FIGS. 2A-2D are TEM images of a first batch of non-sulfidated Ag NPs produced using methods described herein. These images are zoomed out to show potential larger-order structures of the Ag NPs. The morphology of these Ag NPs is shown to have crystalline structures with mostly spherical shape. Some of these particles form aggregates. These particles have an average diameter of 8.1±2.2 nm and follow a Gaussian distribution with sizes ranging from 4.1 nm to 15 nm. FIGS. 3A-3D are TEM images of a second batch of non-sulfidated Ag NPs produced using methods described herein. These images are zoomed out to show potential larger-order structures of the Ag NPs. The morphology of these Ag NPs is shown to have crystalline structures with mostly spherical shape. Some of these particles form aggregates. These particles have an average diameter of 27.0±9.4 nm and follow a Gaussian distribution with sizes ranging from 11.56 nm to 47.02 nm. FIGS. 4A-4E are TEM images of a first batch of sulfidated Ag NPs produced using methods described herein. These images are zoomed out to show potential larger-order structures of the Ag NPs. The morphology of these Ag NPs is shown to have crystalline structures with mostly spherical shape. Some of these particles form aggregates. These particles have an average diameter of 10.3±2.8 nm and follow a Gaussian distribution with sizes ranging from 5.21 nm to 17.1 nm. FIGS. 5A-5E are TEM images of a second batch of sulfidated Ag NPs produced using methods described herein. These images are zoomed in to show individual Ag NPs. These particles are larger than 100 nm with diameters up to approximately 350 nm, showing significant variation from the Ag NPs in FIGS. 4A-4E. Thus, the size of the Ag NPs may be controlled using variations in production.

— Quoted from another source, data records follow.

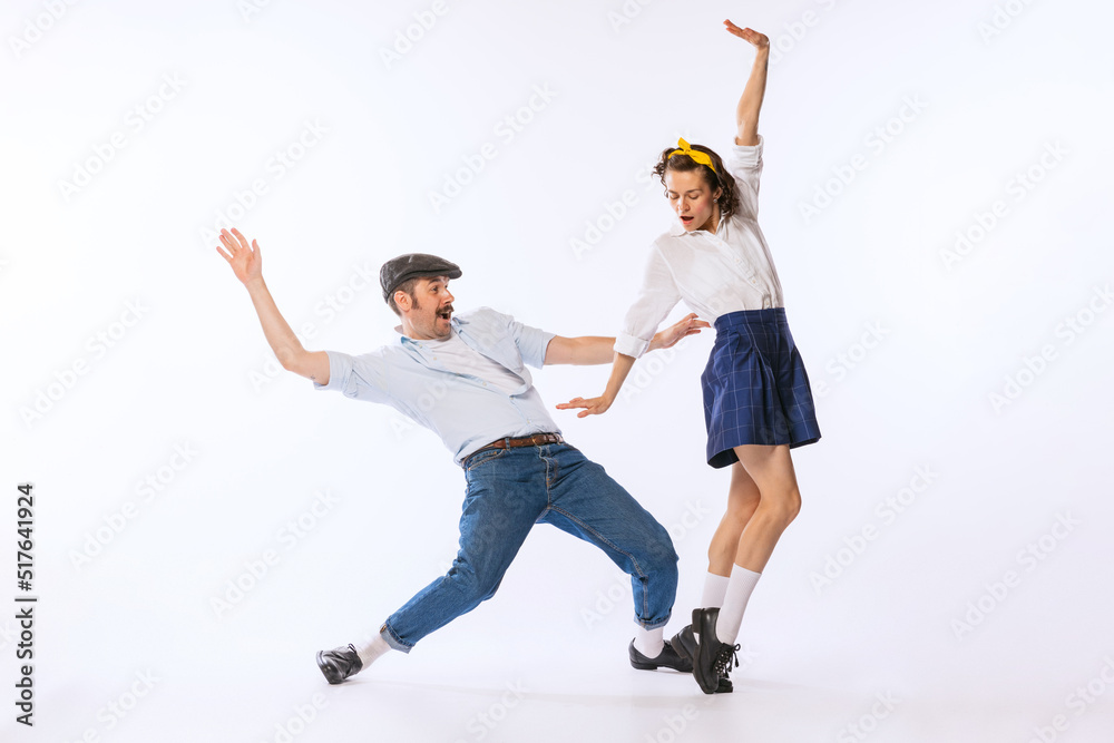 Portrait of young couple, man and woman, dancing isolated over white studio background. Retro style lovers
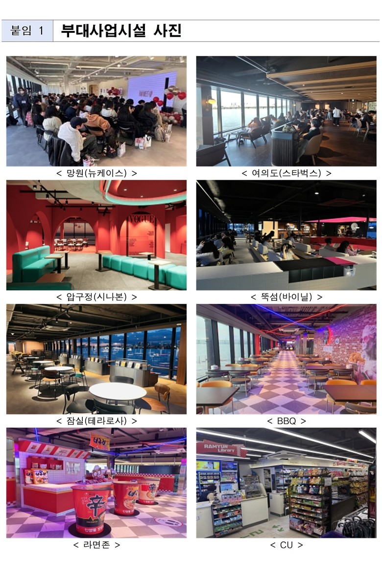 ㈜한강버스가 운영 중인 선착장 내 부대사업도 한강버스를 탑승하고자 선착장에 방문하는 시민들이 증가함에 따라 호황을 누리고 있다.
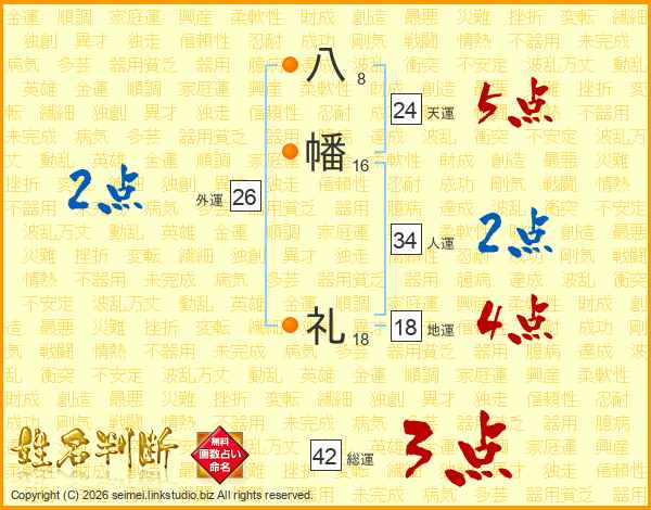 八幡礼さんの総運は42画の3点!
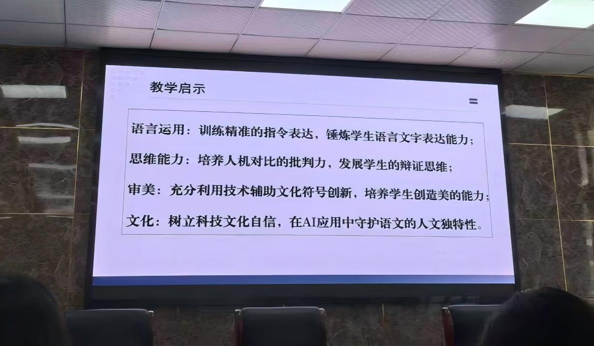 同时,研讨会中关于AI与语文教学融合的教学启示,更让教师们深受启发:在教学中要强化学生精准指令表达训练,培养人机对比的批判力与辩证思维;借助技术辅助文化符号创新,在AI应用中坚守语文的人文特性,助力学生树立科技文化自信。
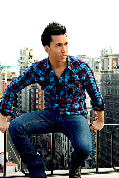 El reportero de 'Sálvame' posa en la azotea de un edificio de la Gran Vía de Madrid.
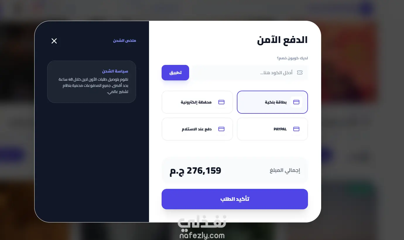 نظام دفع آمن متعدد الخيارات (محفظة إلكترونية، بطاقات، PayPal، الدفع عند الاستلام)
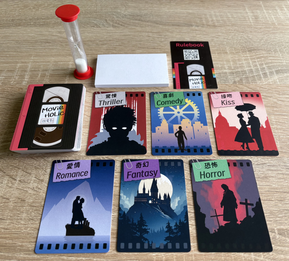 Die Regeln von Movie Holic könnten einfacher kaum sein: Jeder Spieler erhält drei Karten auf die Hand auf denen jeweils ein sich von den andern unterscheidendes Filmgenre mit graphischer Untermalung aufgedruckt sind. Über zwei vollständige Durchgänge hinweg spielen drei Teilnehmer (Startspieler und Nachbarn) im Uhrzeigersinn je eine Karte aus (also insgesamt drei). Nun gilt es rasch zu sein, denn wer als erstes einen Film (oder Serie) nennen kann, der auf diese Genrekombination zutrifft, der erhält zwei Punkte und startet die Sanduhr. Der nächstschnellste dem ein weiterer Film einfällt, der staubt nochmals einen Punkt ab.
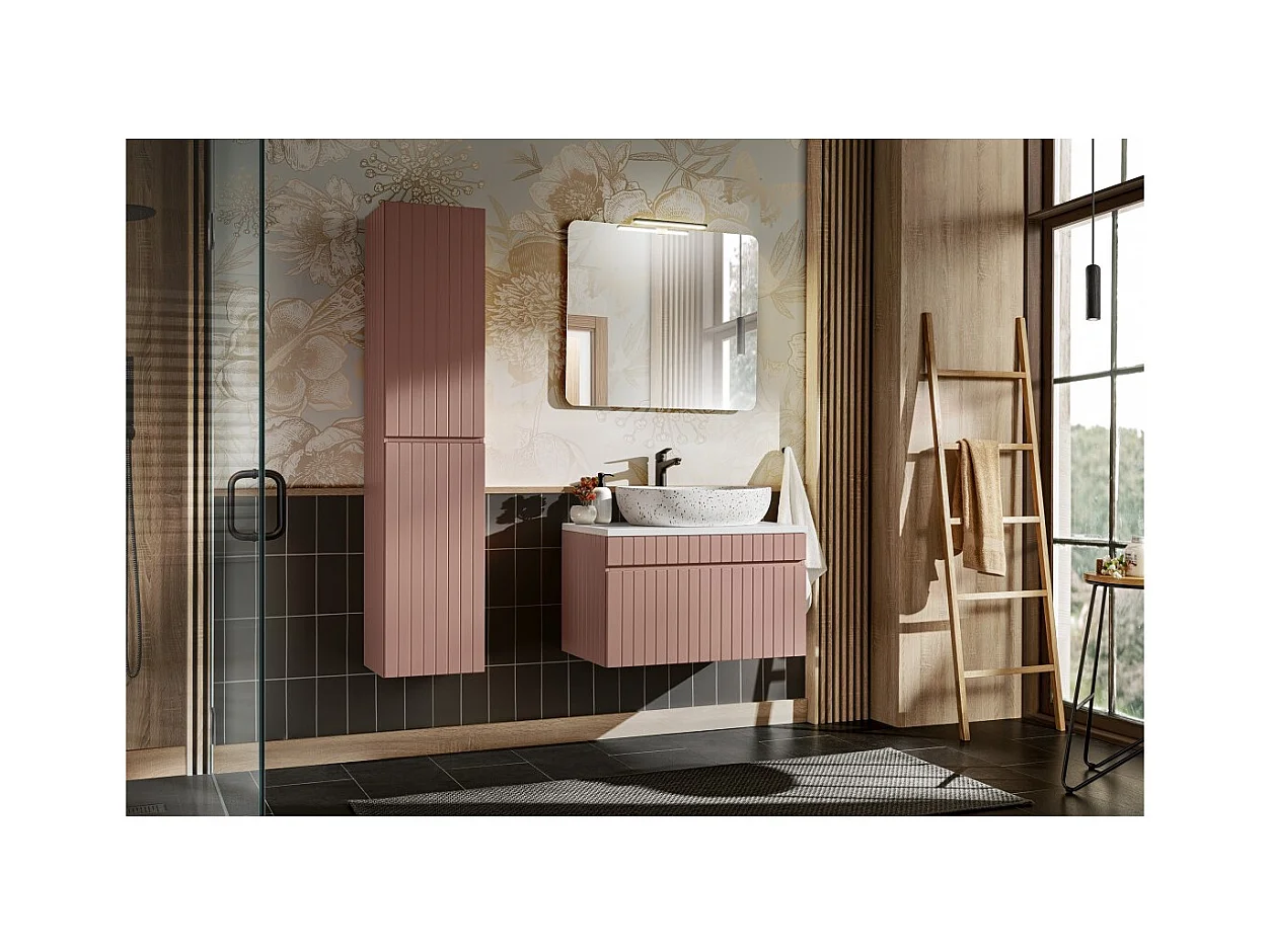 Coluna de banheiro ICON 160 cm – 2 portas – Acabamento rosa empoeirado – Móvel suspenso moderno
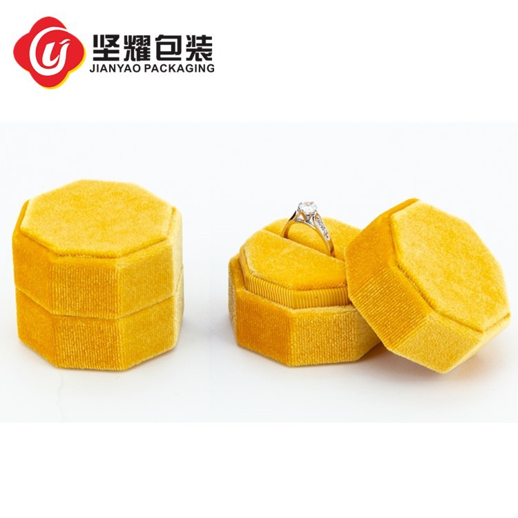 Manufacturer Customized Octagonal Yellow Velvet High-End Jewelry Ring Gift Packaging Plastic Box High-End Seven Colors Optional
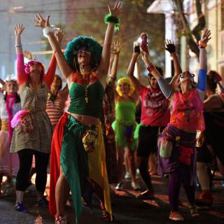 La marea humana avanza entre pasos de danza, saltos y carruseles en un derroche de alegría, irreverencia y fantasía con disfraces, máscaras y pelucas coloridas que sobresalen entre los paraguas abiertos por algunos para protegerse de la lluvia que esporádicamente cae sobre el gentío.
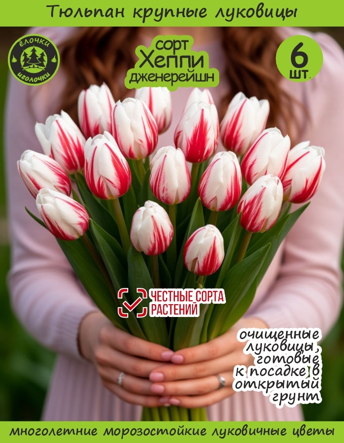 Тюльпан Хэппи Дженерейшн – луковицы крупные для выгонки или озеленения в открытом грунте. Урожай 2025 года. Луковицы неочищенные, необходимо аккуратно очистить от внешней шелухи перед посадкой. При очистке отделить деток тюльпанов, по итогу получается гораздо больше луковиц чем заявлено. Хэппи Дженерейшн относятся к классу 3 – Триумф. Растение имеет прочный прямостоячий стебель, высотой оно от 40 до 60 см. Листья плотные, матовые и широколанцетные, светло-зеленого цвета. Цветки крупные, белоснежные с насыщенно-красными полосами. Форма цветка бокаловидная, диаметр составляет от 5 до 7 см, а высота – от 10 до 12 см. Лепестки гладкие и маслянистые. Аромат нежный. Тюльпаны относятся к раннецветущим. Период цветения начинается в апреле и продолжается до мая.
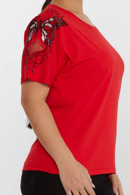 Camicetta Manica Farfalla Motivo Pietra Ricamato Rosso - 79613 | KAZEE (Set di 4 M-L-XL-2XL)
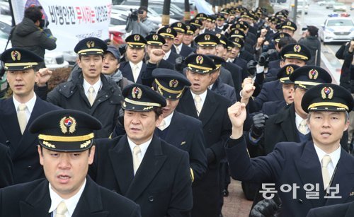 대한항공조종사노동조합이 부분파업에 돌입한 22일 서울 강서구 대한항공 본사 앞에서 제복을 입은 노조 소속 조종사들이 ‘2016년 임금협상 승리를 위한 파업출정식’을 열었다. 파업 참여 인원이 적고 규모도 제한적인 터라 이날 여행객들의 큰 혼란은 없었으나 국토교통부는 여객안전 상황을 주시하며 만일의 사태에 대비했다.
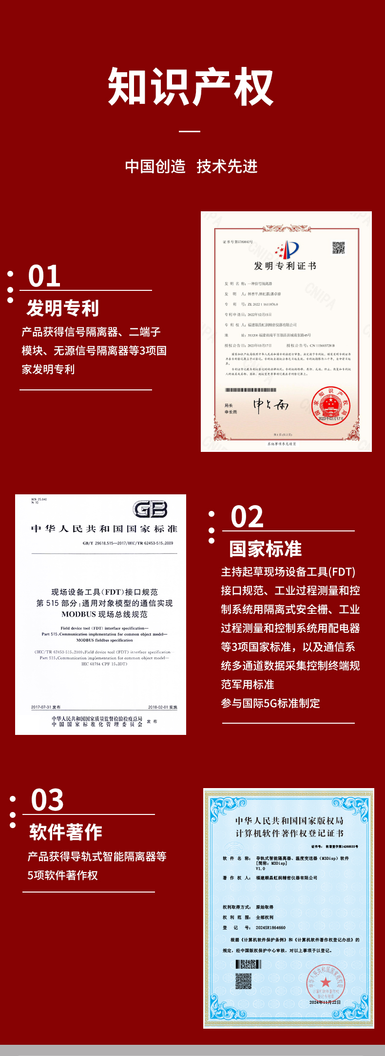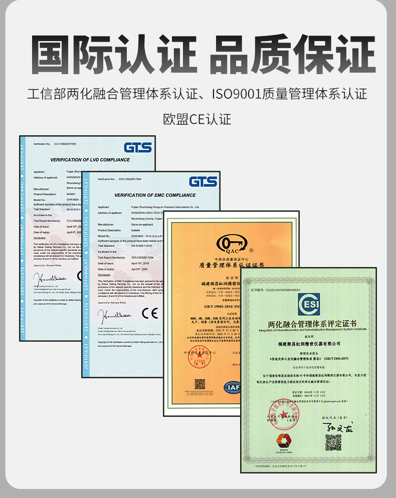虹潤公司是專業(yè)生產(chǎn)隔離器的國家專精特新“小巨人”企業(yè)。生產(chǎn)的智能信號隔離器涵蓋電流電壓變送器、溫度變送器、配電器、頻率轉(zhuǎn)換器、開關(guān)量轉(zhuǎn)換器及通訊轉(zhuǎn)換器等多種產(chǎn)品類型。產(chǎn)品獲得信號隔離器、一種二端子模塊、無源信號隔離器等3項國家發(fā)明專利,主持起草現(xiàn)場設(shè)備工具(FDT)接口規(guī)范、工業(yè)過程測量和控制系統(tǒng)用隔離式安全柵、工業(yè)過程測量和控制系統(tǒng)用配電器等3項國家標準,以及通信系統(tǒng)多通道數(shù)據(jù)采集控制終端規(guī)范軍用標準,參與國際5G標準制定,取得導(dǎo)軌式智能隔離器、頻率轉(zhuǎn)換器等3項相關(guān)軟件著作權(quán)。產(chǎn)品廣泛電力、冶金、工業(yè)電爐、變電站、高壓電機房等需要電隔離的工業(yè)自動化控制系統(tǒng)。
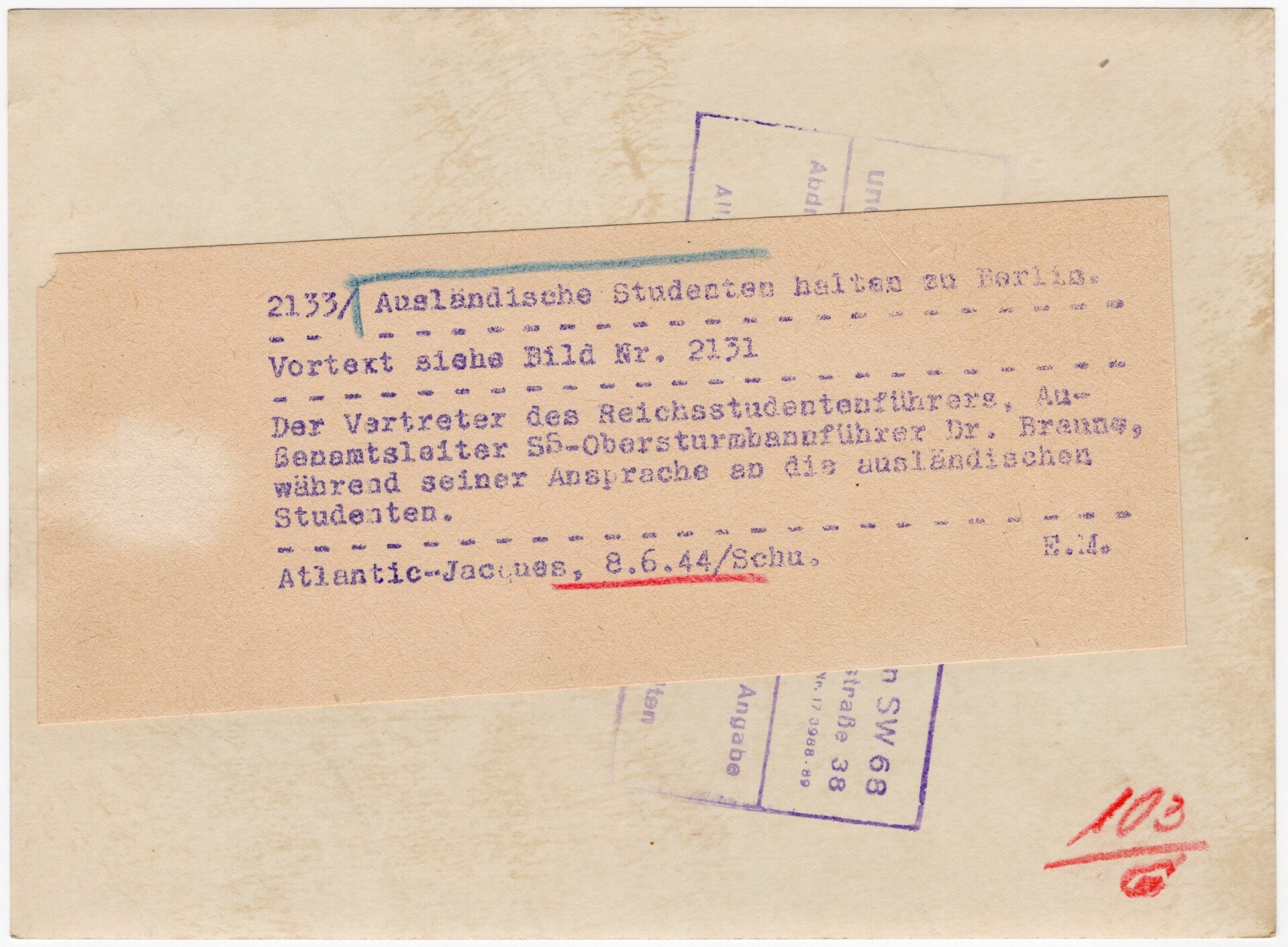 Originele Wo2 Duitse Persfoto - Reichsstudentenführer SS-Obersturmbannführer Dr. Brauns praat met buitenlandse studenten in Berlijn (1944)
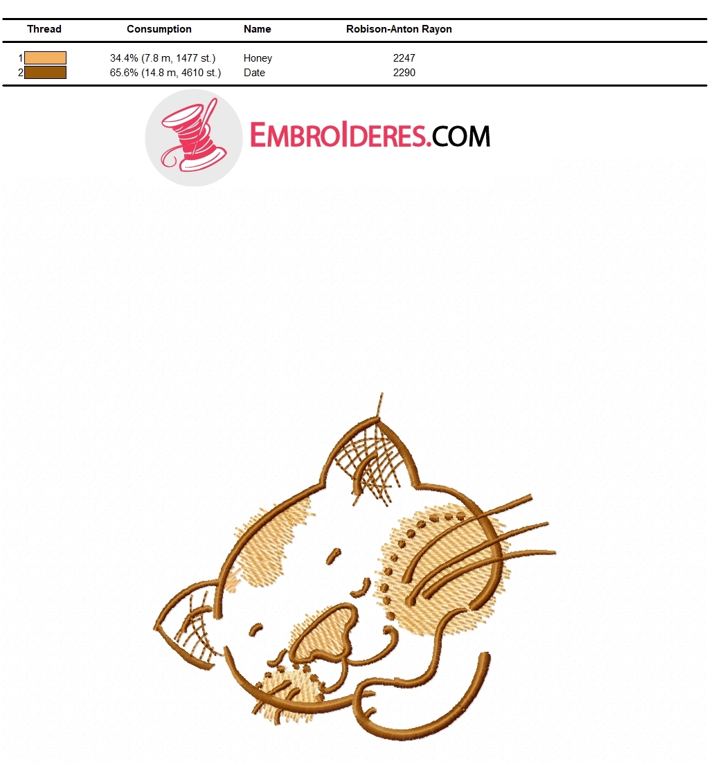 What could be nicer than a sleeping kitten. Millions and millions of these photos filled the Internet space. Their use can be seen everywhere; advertising, covers and screensavers on mobile phones, T-shirts and bags. We did not stay aside. This small free design of machine embroidery will fit well into your child's summer t-shirt. A pretty muzzle will also look great on a bib or napkin. As always, there is no limit to the format and time for downloading (design is always available for free). We added a size compatible with any type of embroidery machine - a 4 x 4 embroidery hoop.

FIGS. 6A-6C are energy-dispersive x-ray spectroscopy (EDAX) images of a first sulfidated Ag NP. FIG. 6A shows the presence of both silver and sulfur in the particle. FIG. 6B shows just the silver in the particle, which is concentrated in the center of the particle. FIG. 6C shows just the sulfur in the particle, which is concentrated in the outer shell of the particle. These images exemplify the Ag/Ag₂S core-shell structure of the particle and that there are no other elements present in the particle. FIG. 7 is a map sum spectrum for a first batch of sulfidated Ag NPs. This shows the dispersion of weight percentages of silver and sulfur of the particles in the batch. Overall, silver has a weight percentage of 91.6% and sulfur has a weight percentage of 6.4%. FIGS. 8A-8B are EDAX images of a second sulfidated Ag NP. FIG. 8A shows the silver in a particle with the particle visible. FIG. 8B shows just the silver in the particle, which is evenly distributed in the particle. FIG. 9 is a map sum spectrum for a second batch of sulfidated Ag NPs. This shows very similar results to the map sum spectrum of FIG. 7 with some mild variations left of the primary apex. Overall, silver has a weight percentage of 98.8% and sulfur has a weight percentage of 1.2%. This shows mild variance from the map sum spectrum of FIG. 7 and FIG. 9. Overall, these TEM and EDAX images illustrate that the size and composition of the ag NPs may be tailored to specific needs depending on the process specification. Methods of producing these nanoparticles are described herein.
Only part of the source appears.